Talvez a maior promessa brasileira em termos de guarda-redes encontra-se a dar os primeiros passos no futebol italiano ao serviço da Fiorentina. Falo de Neto, ex-coqueluche do Atlético Paranaense.

Nascido a 19 de Julho de 1989 em Araxá, Brasil, Norberto Murara Neto iniciou a sua carreira nas camadas jovens do Atlético Paranaense, clube que haveria de passar a representar como sénior na temporada de 2009.

Entre o ano da estreia e Dezembro de 2010, Neto soube tornar-se o dono da baliza do Atlético Paranaense, somando 54 jogos pelo clube do Paraná e ganhando a cobiça de vários clubes sul-americanos e europeus. Essas boas exibições valeram-lhe a chamada à selecção principal canarinha e, em Janeiro de 2011, a transferência para a Fiorentina, onde, contudo, ainda não passou de terceiro guarda-redes.
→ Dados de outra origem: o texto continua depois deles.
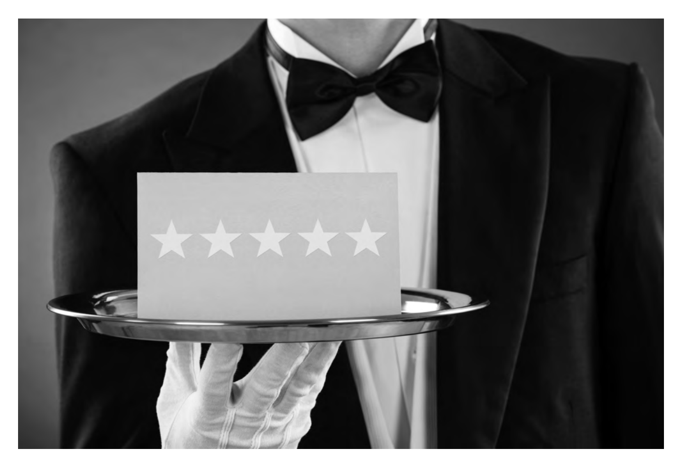
Surprise! C'est la Suisse et pas la France qui reste le pays avec le plus grand nombre de restaurants étoilés par habitant en Europe : 117 établissements ont reçu au moins une étoile dans l'édition 2017 du guide Michelin. La Suisse progresse donc de plus de 20% en cinq ans confirmant la diversité extraordinaire de la gastronomie suisse.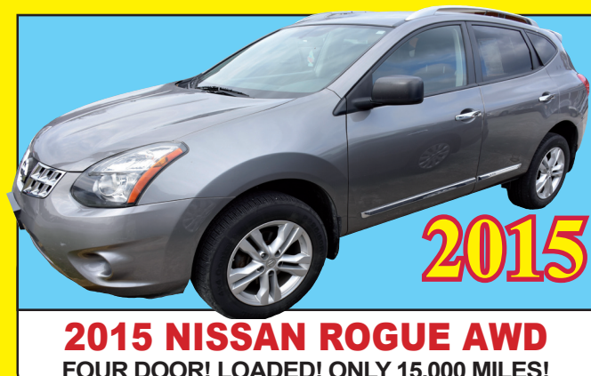
FOUR DOOR! LOADED! ONLY 15,000 MILES! FACTORY WARRANTY! WE HAVE FINANCING!

Guarda-redes de grande futuro

Neto era um guarda-redes muito acarinhado pela torcida do Atlético Paranaense, pois revelava-se como um atleta dedicado  e extremamente seguro.

Frio, muito bom a sair-se aos pés dos adversários e aos cruzamentos, Neto também é um guarda-redes elástico e que muitas vezes faz defesas que todos julgavam impossíveis de serem realizadas.

Neste momento, com 22 anos, talvez fosse melhor ser emprestado a um clube de menores aspirações que a Fiorentina, para que possa continuar a sua natural evolução futebolística.